For this exercise, repeat exactly the lines below starting at the line holding "Acer Evolution golfklubbor" and ending at the line holding "突破任务奖励:世界等级4、冒", both included, with no extra lines and no pictures.
◆ ◆ ◆ ◆
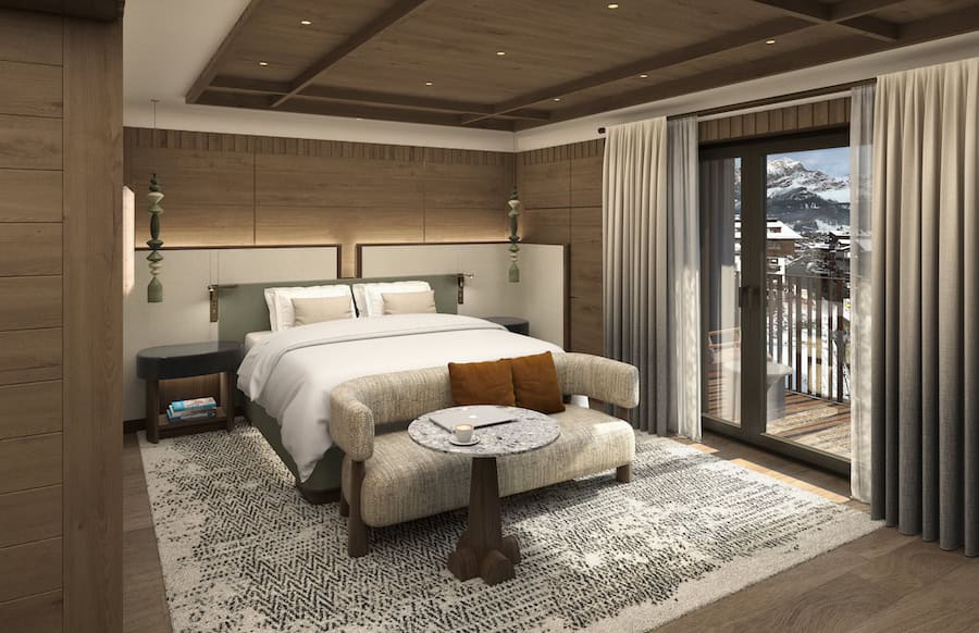 Αποτίνοντας φόρο τιμής στη φυσική ομορφιά των Δολομιτών και την παράδοση της φιλοξενίας της Cortina, ο σχεδιασμός του ξενοδοχείου θα συνδυάζει την αλπική κομψότητα με σύγχρονα εκλεπτυσμένα στοιχεία. Με στοιχεία εμπνευσμένα από το ορεινό περιβάλλον της περιοχής και ειδικά δημιουργημένα για αυτό το ξενοδοχείο με υλικά τοπικής προέλευσης, οι εσωτερικοί χώροι θα προσφέρουν μια εκλεπτυσμένη, εμβληματική εμπειρία.
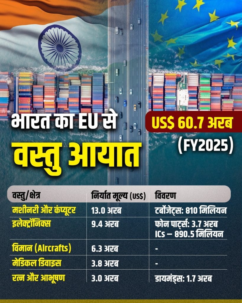 - FY2025 में भारत ने EU को लगभग 76 अरब डॉलर का सामान एक्सपोर्ट किया, जबकि 61 अरब डॉलर का इंपोर्ट किया, जिससे ट्रेड सरप्लस हुआ. लेकिन 2023 में EU GSP लाभ वापस लेने से कई भारतीय प्रोडक्ट्स के लिए कॉम्पिटिटिवनेस कम हो गई है.
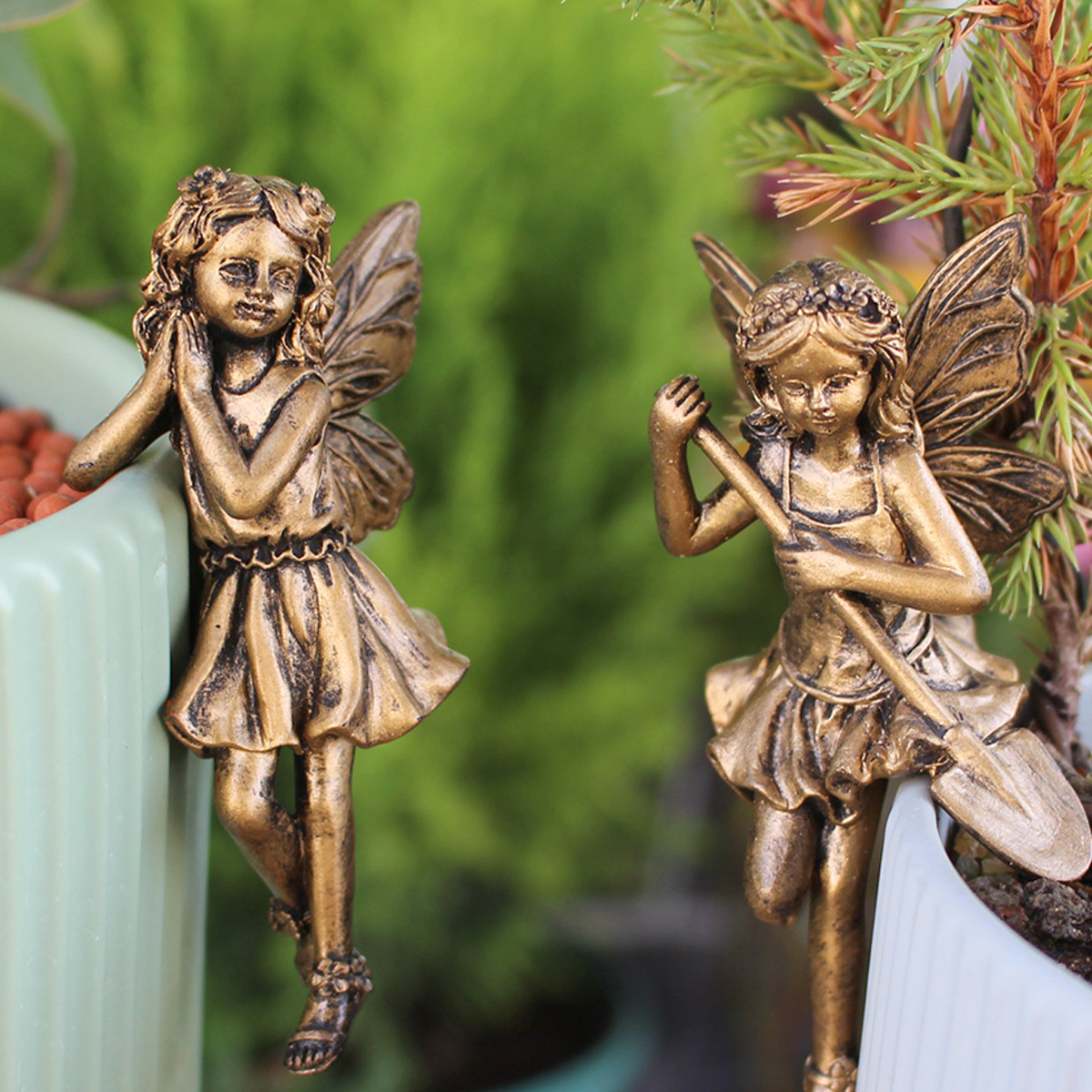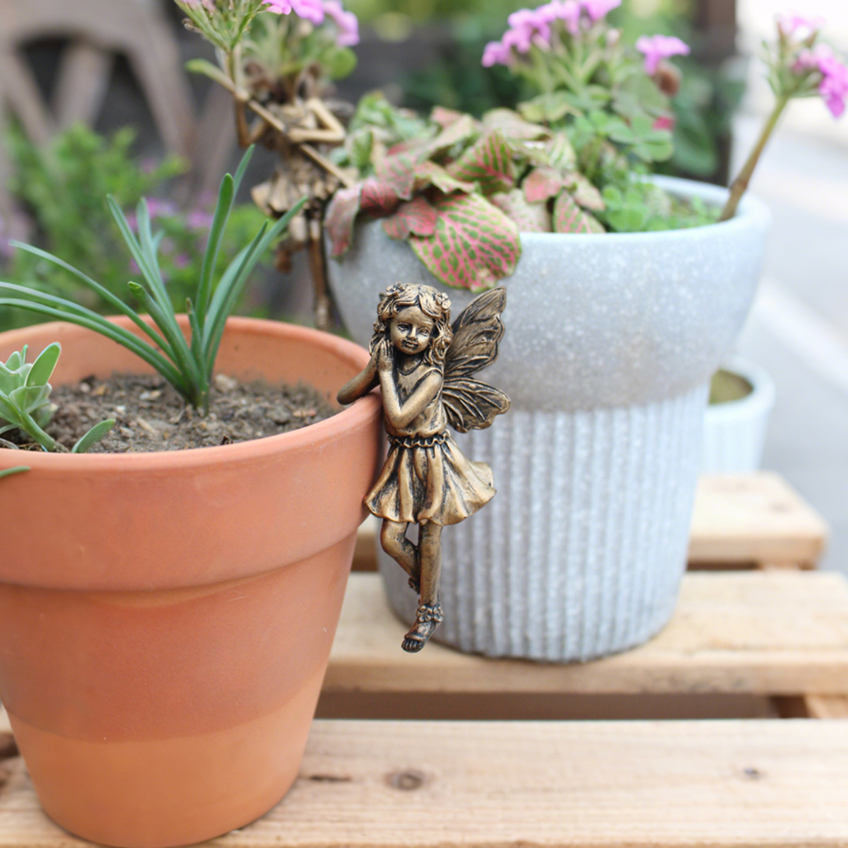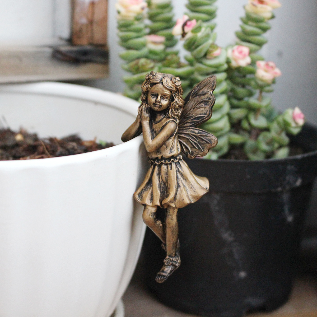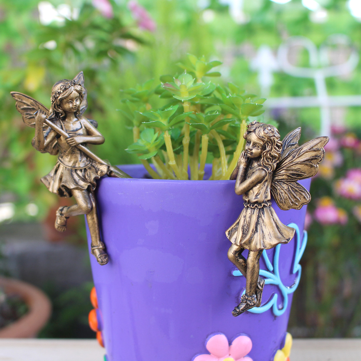 【品名】仿铜花仙子花盆挂件
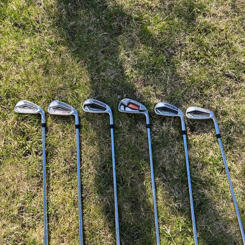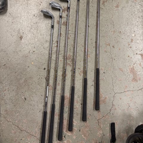 Acer Evolution golfklubbor set med järnklubbor och en hybridklubba. Setet innehåller numrerade järnklubbor 4–9 samt pitching wedge. Klubborna har stålskaft med standardlängder enligt måttbandet på bilderna. Greppen är i svart utförande. Hybridklubban är märkt Acer 5. Setet passar för allmän golfspel på bana eller träning på range.
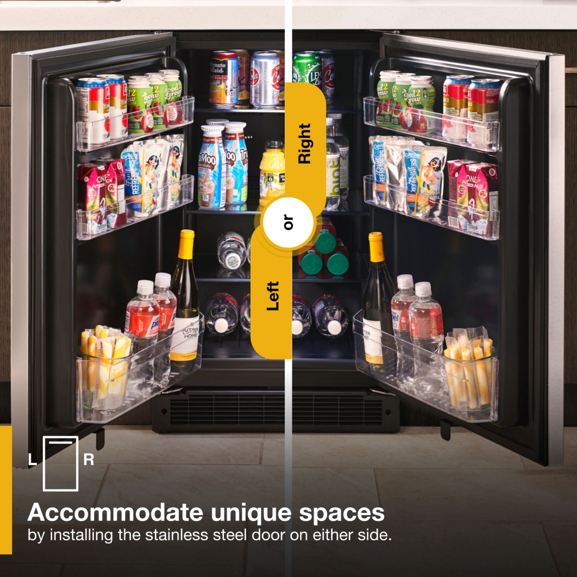 • Reversible stainless steel door - install the stainless steel door on either side to accommodate unique spaces
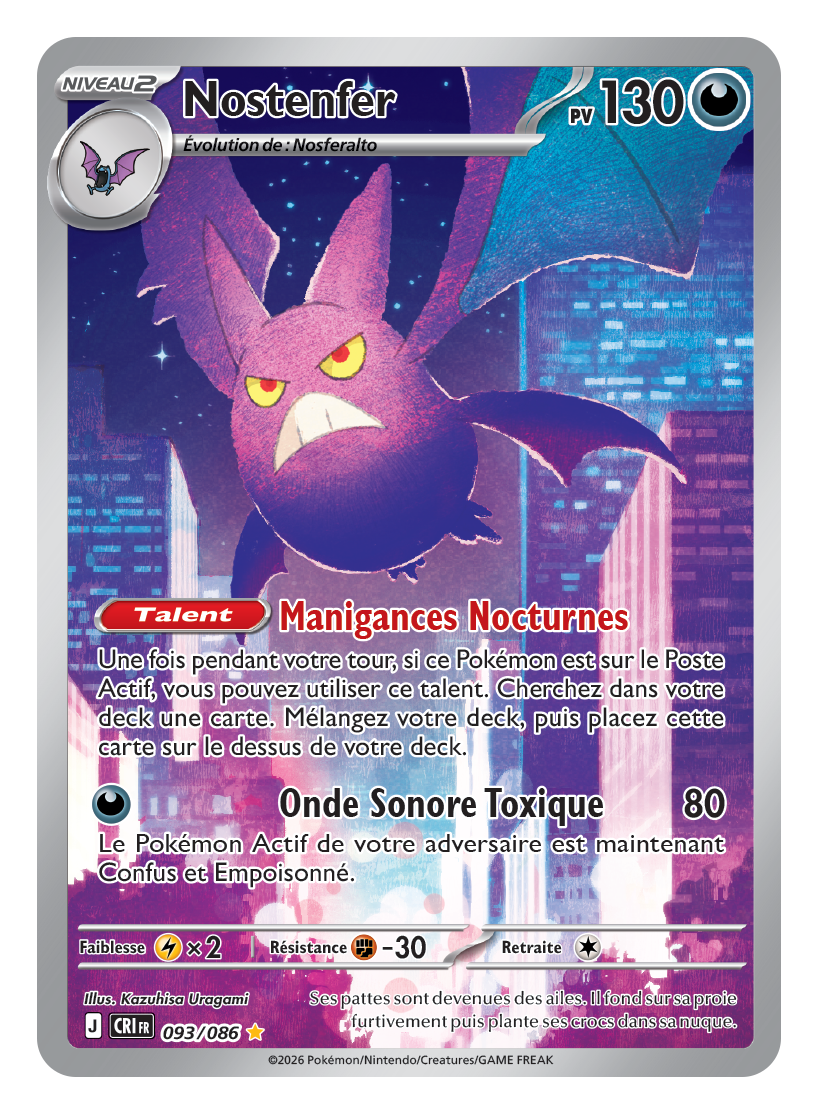 Dès le premier regard, cette carte de Nostenfer impose une ambiance très forte. On y retrouve le Pokémon chauve-souris survolant une ville illuminée de nuit, dans une direction artistique presque néon, qui colle parfaitement à son côté furtif et dangereux.
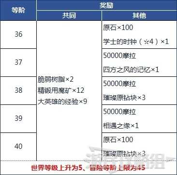 突破任务奖励:世界等级4、冒险等阶上限40、原石×100、相遇之缘×2、10000摩拉
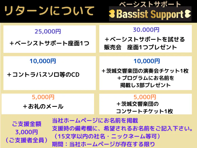 皆さんの知恵を集め、コントラバス演奏用の椅子を開発して「ベーシストサポート」を世に出し、コントラバスを演奏を楽しめる人を増やしたい!そのためにご支援を頂きたいのです!
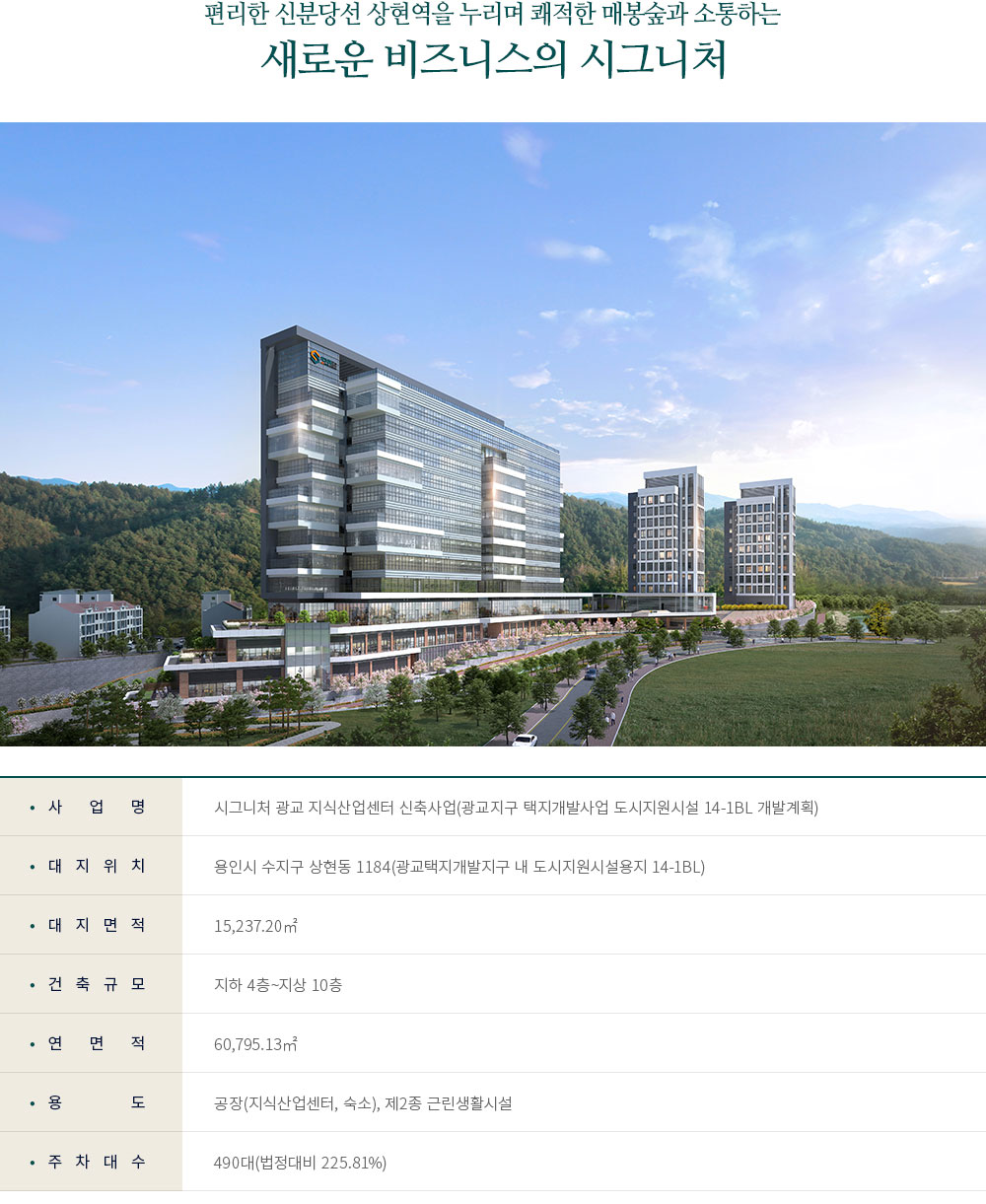 광교신도시 역세권(상현역)에 공급한 시그니처광교 지식산업센터가 "2023년 3월 중순" 입주를 시작합니다. 단지는 대지면적 1만5,237.20㎡ 부지에 지하 4층~지상 10층, 연면적 6만795.13㎡ 규모로 공급되었으며, 지식산업센터 1개동, 기숙사 2개동, 근린생활시설 등으로 구성되었습니다.
◆ ◆ ◆ ◆
| Answer |
 Acer Evolution golfklubbor set med järnklubbor och en hybridklubba. Setet innehåller numrerade järnklubbor 4–9 samt pitching wedge. Klubborna har stålskaft med standardlängder enligt måttbandet på bilderna. Greppen är i svart utförande. Hybridklubban är märkt Acer 5. Setet passar för allmän golfspel på bana eller träning på range.
 • Reversible stainless steel door - install the stainless steel door on either side to accommodate unique spaces
 Dès le premier regard, cette carte de Nostenfer impose une ambiance très forte. On y retrouve le Pokémon chauve-souris survolant une ville illuminée de nuit, dans une direction artistique presque néon, qui colle parfaitement à son côté furtif et dangereux.
 突破任务奖励:世界等级4、冒险等阶上限40、原石×100、相遇之缘×2、10000摩拉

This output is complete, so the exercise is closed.